We have reported that lecithin-conjugated recombinant human Cu, Zn-superoxide dismutase (lecithinized SOD) has greater pharmacological potency than unmodified SOD through an increase in cell membrane affinity and half-life in plasma. Recently, ischemia or hypoxia alone has been suggested to result in increased superoxide anions, which lead to apoptosis in cardiomyocytes. We tested the effect of lecithinized SOD in reducing the infarct size following prolonged myocardial ischemia without reperfusion. Rats were subjected to a 24-h left coronary occlusion. Lecithinized SOD, unmodified SOD, free lecithin derivative or PBS was administered intravenously 30 min before coronary occlusion. SOD concentration of the heart, measured by ELISA, was higher in the lecithinized SOD-treated group than in the other groups 24 h after administration. The infarct area ratio of the heart, assessed by TTC staining, in the lecithinized SOD-treated group was significantly smaller than those of the other groups. Both TUNEL-positive cardiomyocytes and DNA laddering were attenuated in the ischemic area of the heart treated with lecithinized SOD. Single bolus administration of lecithinized SOD had a cardioprotective effect against ischemia without reperfusion in the rat model of acute myocardial infarction, possibly due to its sustained high tissue concentration.

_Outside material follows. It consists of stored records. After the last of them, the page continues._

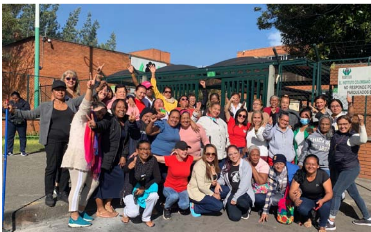
Delegaciones que participaron del diálogo con la cúpula del Icbf en Bogotá en procura de buscar soluciones.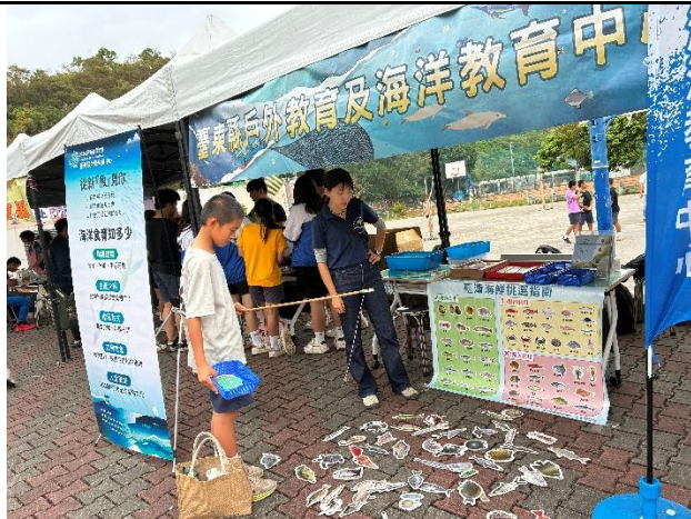
說明：透過釣魚遊戲認識魚種。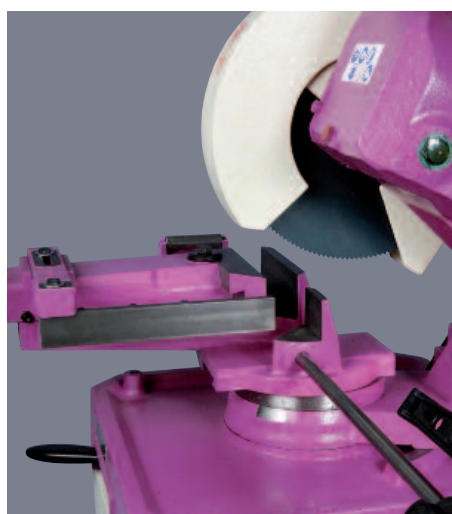
Étau à déplacement avant - arrière pour la finition de gros profilés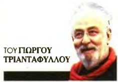
ΤΟΥ ΓΙΩΡΓΟΥ ΤΡΙΑΝΤΑΦΥΛΛΟΥ

Bernard Tschumi, Δ. Φιλιππίδης, Π. Τσακόπουλος, Α. Κυριτσόπουλος / Δ. Αντωνακάκης, Ε. Βερναρδάκη, Τ. Μπίρης, Μ. Κορρές, Β. Γρηγοριάδης / Έκδοση Μοντέρνα Αρχιτεκτονική, Α. Κούρκουλας και Μ. Κοκκίνου, Κ. Δασκαλάκη / Κ. Γρέγου, Σ. Τσιάρα, Δ. Τρίκας, Χ. Μαρίνος / Penny Siopis, Ν. Παπαδόπουλος, Β. Καραμπατσάκη, Βάλβη Νομίδου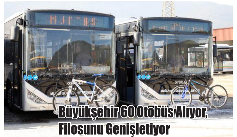
Büyükşehir 60 Otobüs Alıyor, Filosunu Genişletiyor

nan çarpışmada, 100 yaralı olmak üzere 650 er ve bir binbaşı, 23 subay esir alınmıştır. Ayrıca 1000 adet tüfek ve bir miktar mermi, 2 top, 8 makineli tüfek, 90 katır ve 13 adet katana adı verilen sarp coğrafi şartlarda rahat kabiliyet yeteneği olan çok kuvvetli, cins atlar ele geçirilmiştir. Bu önemli başarılarının ardından olayın kahramanlarına Mustafa Kemal Atatürk tarafından "Devamlı başarınızı tebrik eder, size ve Kahraman Kuvayı Milliye'ye selam ve teşekkür ederim" telgrafi iletilmiş ve tebrik edilmiştir. Ayrıca bölge halkı ve Kültür ve Turizm Bakanlığı, Karboğazi' nda olan çatışmaları ve olayları nesilden nesile aktarmış ve Gülek'in savaştaki stratejik önemini bölge halkına tanıtmıştır.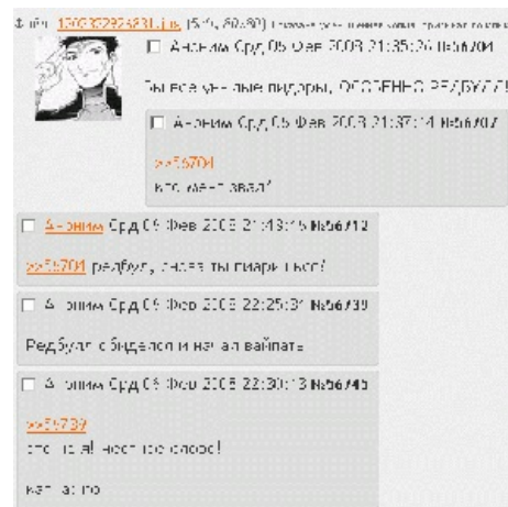
Тот самый тред.

В ночь, когда в /а/ должны были взять 60К-гет , некоторые аноны высказывали опасение, что его возьмет Коната или коняшка. Их опасения сбылись чуть более, чем полностью. Несмотря на обильное число желающих все зафэйлить (и тоже посвятить гет Рэдбуллу, запостив лого соответствующего напитка), число «поймала» созданная специально для этого фотожаба. Только вместо «60000» на ней красовалось число «59999». Никто так и не понял, вин это или фейл (формально, это не гет, но сам факт, что имя Рэдбулла стало крепко связано с фейлами, нельзя не назвать забавным). Тред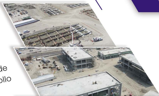
Etapas de desarrollo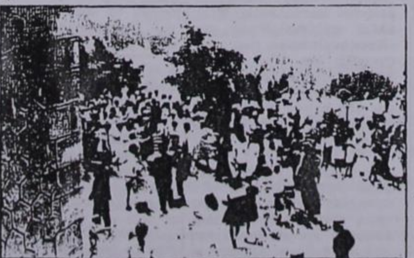
Ο ΜΕΓΑΛΟΣ ΧΟΡΟΣ στην εκκλησία της Παναγίας

Οι εκδηλώσεις μπορούμε να πούμε ότι άρχισαν χωρίς φέτος με τον χορό που έκανε ο σύλλογος Αετομηνιτσιωτών «ΤΟ ΝΤΕΝΙΣΚΟ» = Συνέχεια στην 9η σελίδα =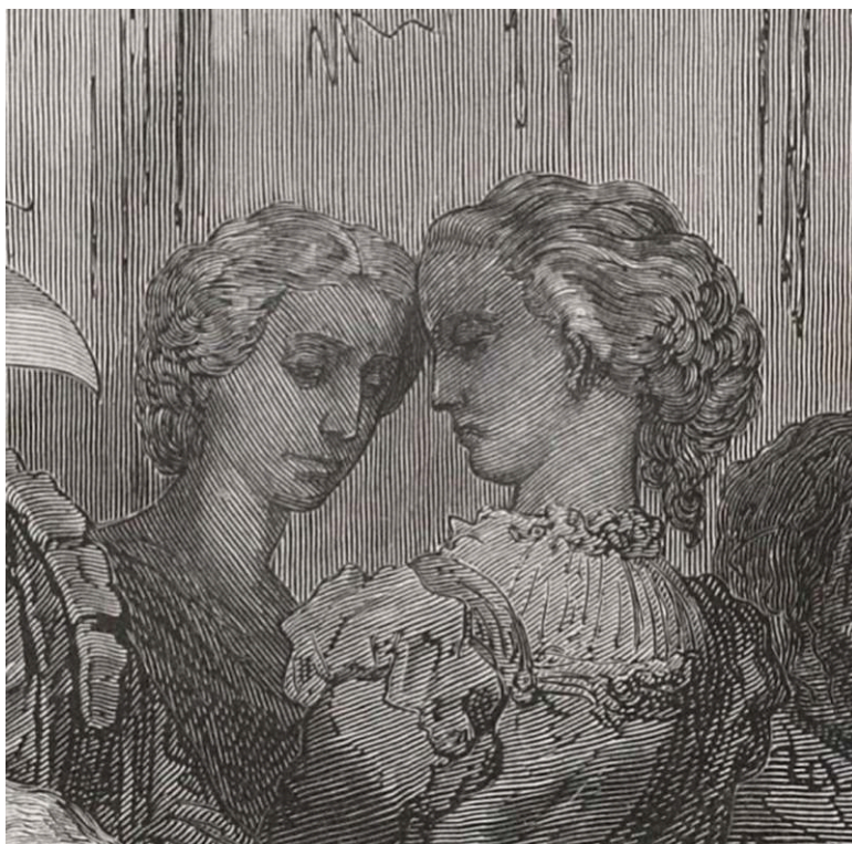
Fig. 3b. G. Doré ; H. Brevière sc., Cendrillon , « Approchant la pantoufle de son petit pied, il vit qu'elle y entrerait sans peine et qu'elle était juste comme de cire » (détail), 1861, gravure sur bois de bout. BnF Estampes, Dc-298 (J,2)-fol.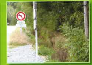
bord de route

Le diagnostic et le suivi de territoire sont essentiels.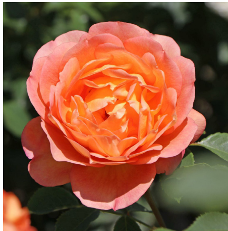
Lady of Shalott®

Blüte lachsorange Duft stark Wuchs 120 cm Züchter Austin 2005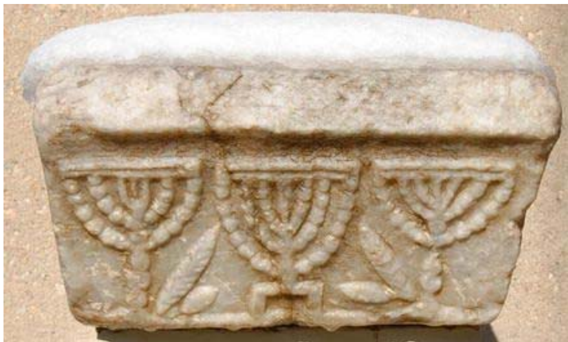
תמונה 102: קורינתוס (יוון). כותרת עמוד מעוטרת שלוש מנורות, וביניהם שני אגדי לולב ואתרוג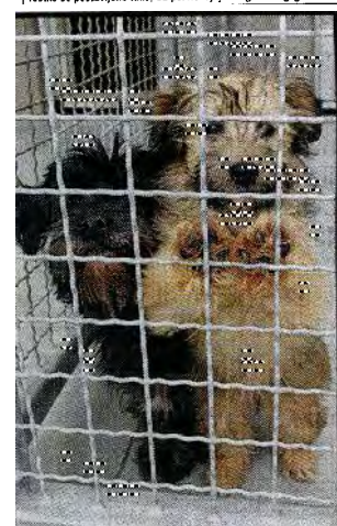
Iščeva novega lastnika.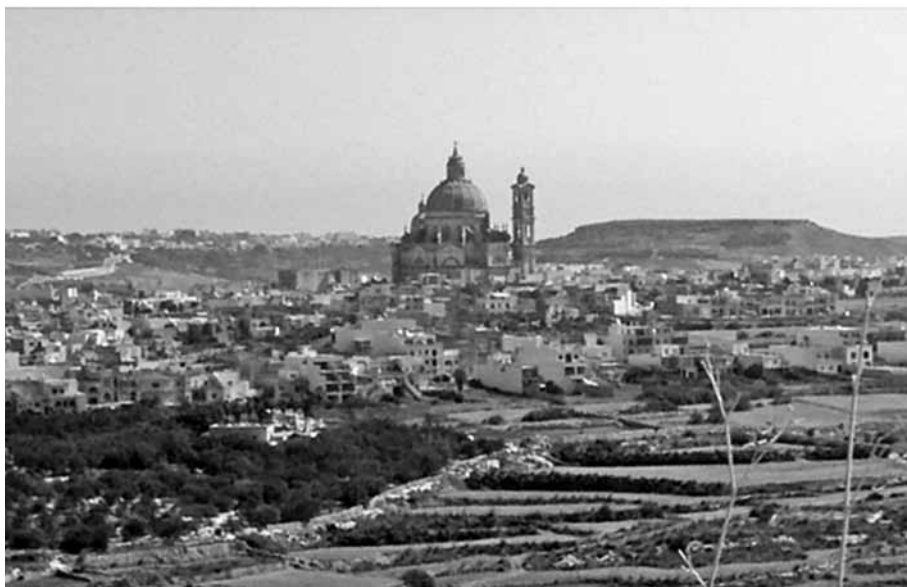
Slika 4: Panoramski pogled na mesto Xewkija.

naraslo za več kakor sedemkrat. Objekti so se v času, ko so bili zgrajeni, uporabljali le za bogoslužje posamezne vere. Šele skozi čas se je izoblikovala njihova večnamenskost in v današnjem času se tako evangeličanska kakor katoliška cerkev zaradi dobre akustike uporabljata tudi kot prireditveni prostor za raznovrstne akustične koncerte.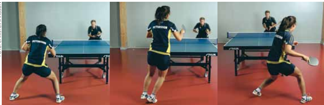
SIDLEDSFÖRFLYTTNING, "SIDE TO SIDE". Sidledsförflyttningen används vid förflyttningar både åt höger och vänster. Förflyttning är den vanligaste och mest grundläggande för en bordtennisspelare. Vid förflyttning åt ett håll skjuter spelaren ifrån med ben och fot på motsatt sida. Slaget sker när förflyttningen är gjord.

机译:我们已经报道了卵磷脂缀合的重组人铜,锌超氧化物歧化酶(卵磷脂化的SOD)比未修饰的SOD具有更大的药理作用力,这是通过增加细胞膜亲和力和血浆半衰期来实现的。近来,已建议仅缺血或缺氧会导致超氧阴离子增加,从而导致心肌细胞凋亡。我们测试了卵磷脂超氧化物歧化酶在减少心肌缺血(无再灌注)后减少梗死面积方面的作用。对大鼠进行24小时左冠状动脉阻塞。在冠状动脉闭塞前30分钟静脉内施用卵磷脂SOD,未修饰的SOD,游离卵磷脂衍生物或PBS。卵磷脂化SOD治疗组在给药后24小时,通过ELISA测定的心脏SOD浓度高于其他组。通过TTC染色评估,卵磷脂SOD治疗组的心脏梗死面积比显着小于其他组。 TUNEL阳性的心肌细胞和DNA梯形在卵磷脂SOD处理的心脏缺血区域均减弱。在急性心肌梗死的大鼠模型中,单次推注卵磷脂化的SOD具有抗缺血的心脏保护作用,而无需再灌注,这可能是由于其持续的高组织浓度。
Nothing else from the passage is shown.